So as weird as this sounds I'm kind of upset that I might not be doing school anymore. I was the one from the very begining who said that I didn't want to be in school right away. I was the one who was so mad about my gram making me go to school. I hated how much work I had to do in such a short period of time. I mean most classes last a semester I took mine in nine weeks. I didn't have breaks from school. I was tired all the time. The work was killing me. And here it is summer break time and I can't help but want to be on break but I know I should be doing my school work. Well I got a letter a few days ago, and then again today, saying I might owe money for my two classes I'm in. I owe $2450+ for two classes. Two classes that have nothing to do with me being a teacher. I don't need bio or physchology skills to be a teacher. Yea science is helpful but taking four science classes that will cost me over $5000 total for them is not worth it. Especailly when I'm not learning anything. I did six science classes in my high school career all before I was a Senior in high school. I understand earth science, biology, chemistry, oceanography, physics and anatomy and physiology. I took six maths, Algebra 1 &2, Geometry, Pre-cal, probibality & statistics. I took advanced history every single year. I was in advanced english every single year. I know the stupid things you are trying to teach me. I know how to do labs, I know how to write papers. I know how to add. I did an art class (or two) each year. I took German well enough to go to Germany and have conversations with native Germans other than things about Kuh's (cows).

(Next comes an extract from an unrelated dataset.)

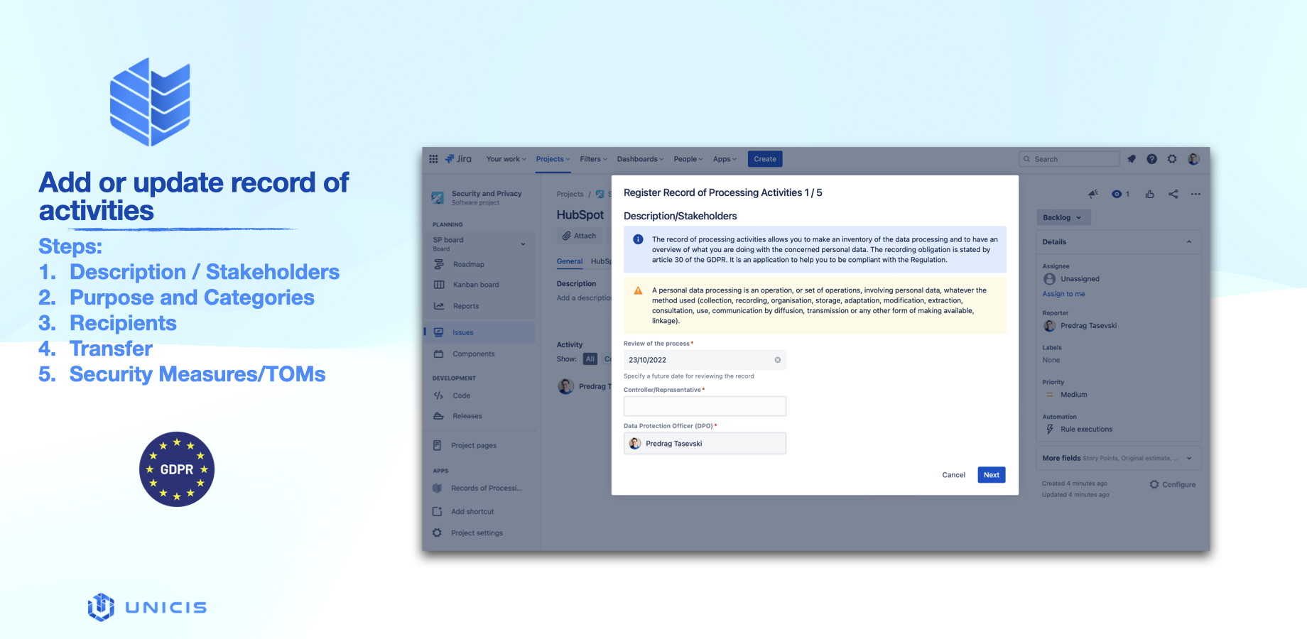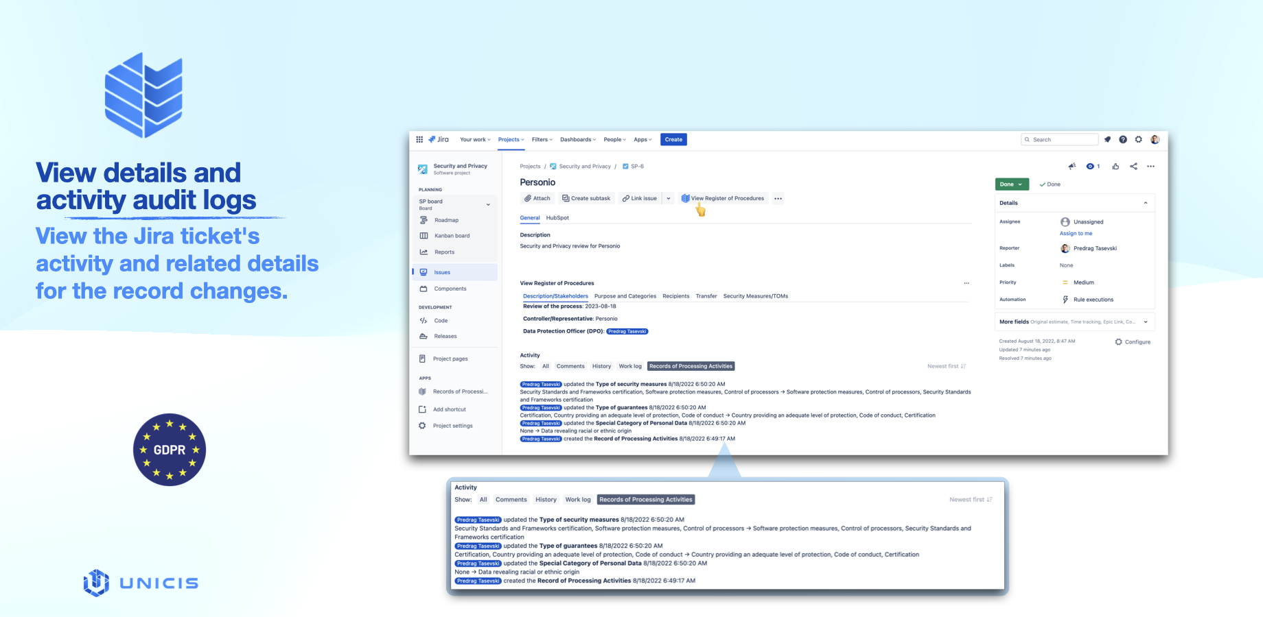 Unicis - Record Processing Activities (RPA) for Jira integrates with your Atlassian app

I'm smart and yet all that online college has made me feel is dumb. I don't 'participate' because I don't feel like telling a bunch of thrity + year olds that they are wrong on simple matters such as the differences between plant & animal cells. I do my work and yet on occasion my teachers don't give me credit. One teacher told me that he couldn't open my paper, I offered to send it in, in a different format and he told me it didn't matter I was still getting a zero. I was told no more school today, because they aren't spending more money on it. So probably after Wednesday no more school for me. My grandparents give my brother the world, they gave him 8,000 for school not to long ago and yet i need less than 3,000 and i get told no. it's just i don't know.
ugh.
ugh.
1 comments:
Sorry Steph. But it's not weird that you are kinda upset about not doing more school. Trust me I know the feeling. While I hated studying for the GED, it was nice to be doing school work. Someday though I'm sure you'll get back to school.